インタビューはくちづけの後で
明かりの消えた児童館の前でふたりで車を降りる。

「俺の家にはマンガがなくってさ。
小学校の高学年になってひとりで電車に乗れるようになったら、親に内緒でここにマンガを読みに来てた。
唯一のくつろぎの時間ってやつだ。
それで小学校に入ったばっかりの芽衣に会った。」

「芽衣は積み木や人形遊びが好きで、マンガを読んで動かない俺を引っ張って相手をさせてた。
最初は迷惑って思ったけど、遊んでみると、結構面白い。
芽衣の積み木のセンスは独創的だったし、
描く絵はキレイな色使いだった。
人形遊びは芽衣の家庭の様子が垣間見えた。
仲の良い家族。一緒に囲む食卓。

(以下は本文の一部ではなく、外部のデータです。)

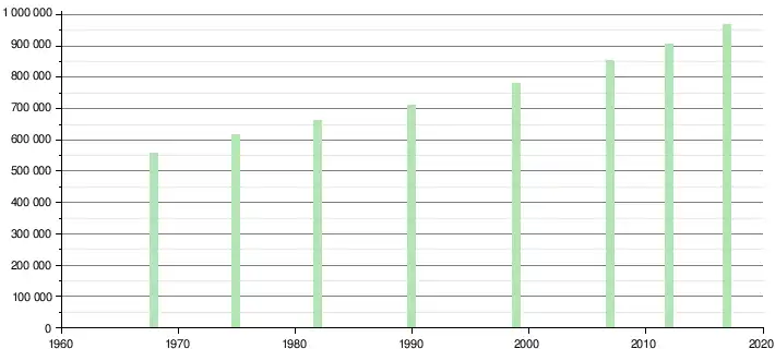 - ↑ Population avec double compte (en général supérieures de quelques dizaines aux données sans double compte pour 2006) ; le total sans double compte est d'environ 762 000 habitants.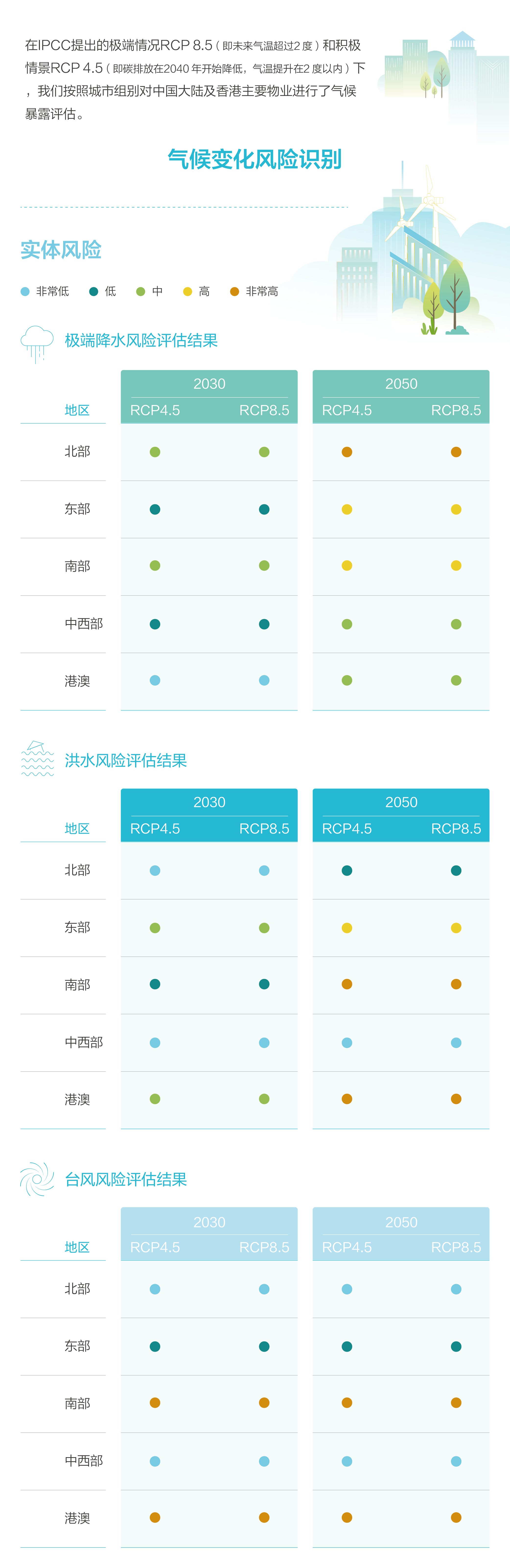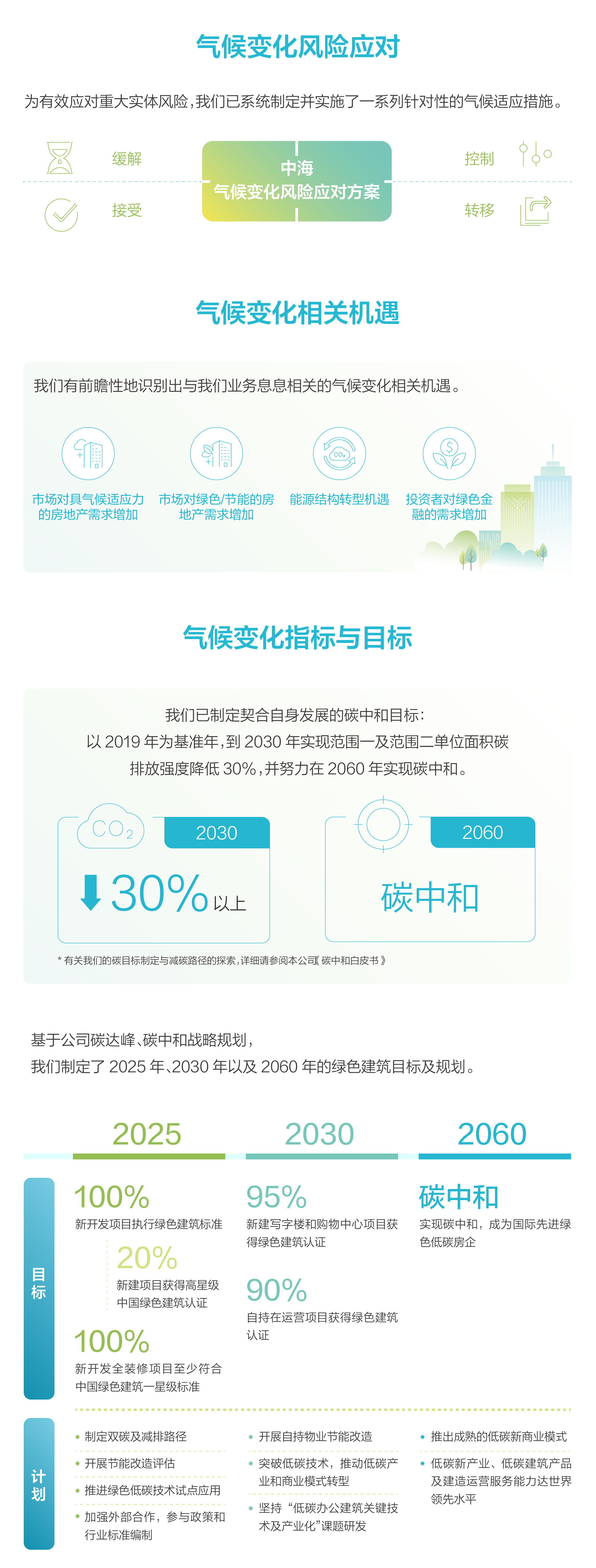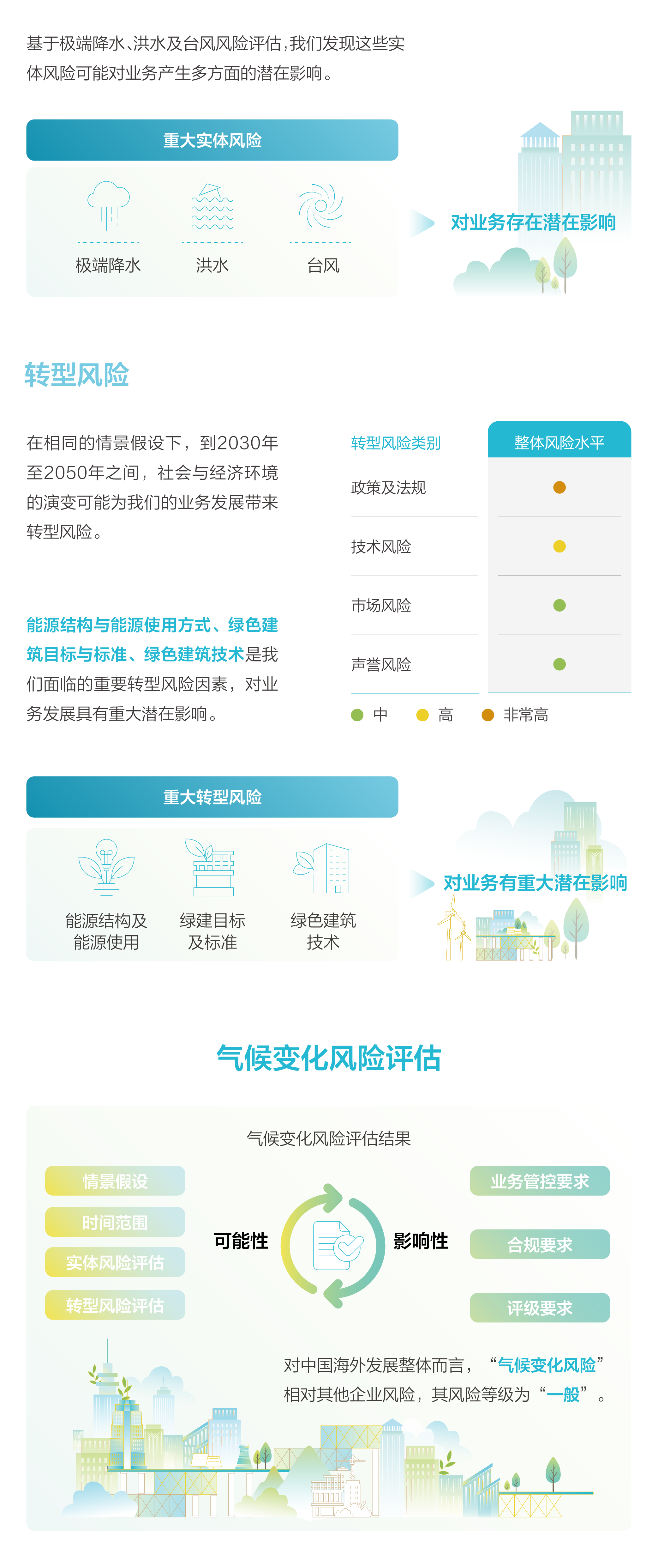 從2020年起,中國海外發展依據氣候相關財務資訊披露工作組(TCFD)的建議框架,圍繞「治理」「策略」「風險管理」以及「指標和目標」四大核心支柱,係統構建氣候風險管理機製,以專業行動積極應對全球氣候挑戰。公司持續跟蹤國際氣候披露準則、全球市場趨勢及本地監管要求,定期評估氣候變化管理成效。通過「三道防線」機製監測和協調風險管理,並開展氣候變化情景分析,識別實體風險與轉型風險,評估其對業務的潛在影響,進而製定涵蓋緩解、控製、轉移及接受四類策略的氣候適應措施。

母親のお小言。
どれも俺にはないものだったよ。
夕方芽衣を何度か送って家にも行った。
芽衣のお母さんはおっとり優しくて、俺を家にあげて、ジュースを飲ませてくれたりした。
芽衣の家庭に幸せの形をみたよ。
羨ましいと思った。
でも、俺は中学になったら勉強が忙しくなって足が遠のき、
高校は留学したからそれきり児童館には行かなくなった。」

「でも、6年前、帰国した時に児童館がなくなるって話を聞いて、
急にいろんなことを思い出したんだ。
懐かしくなって児童館に行ってみたら、
芽衣はボランティアになって子どもと遊んでた。
本を読み聞かせ、一緒に遊び、楽しそうに笑ってた。
俺は大切な笑顔にまた、会えたって思った。
オヤジに児童館を助けるように説得して、継続的に援助させた。」

この児童館に『レインボートイ』のオモチャがたくさんあったのはそのためか…
本も大きな遊具も充実しているし…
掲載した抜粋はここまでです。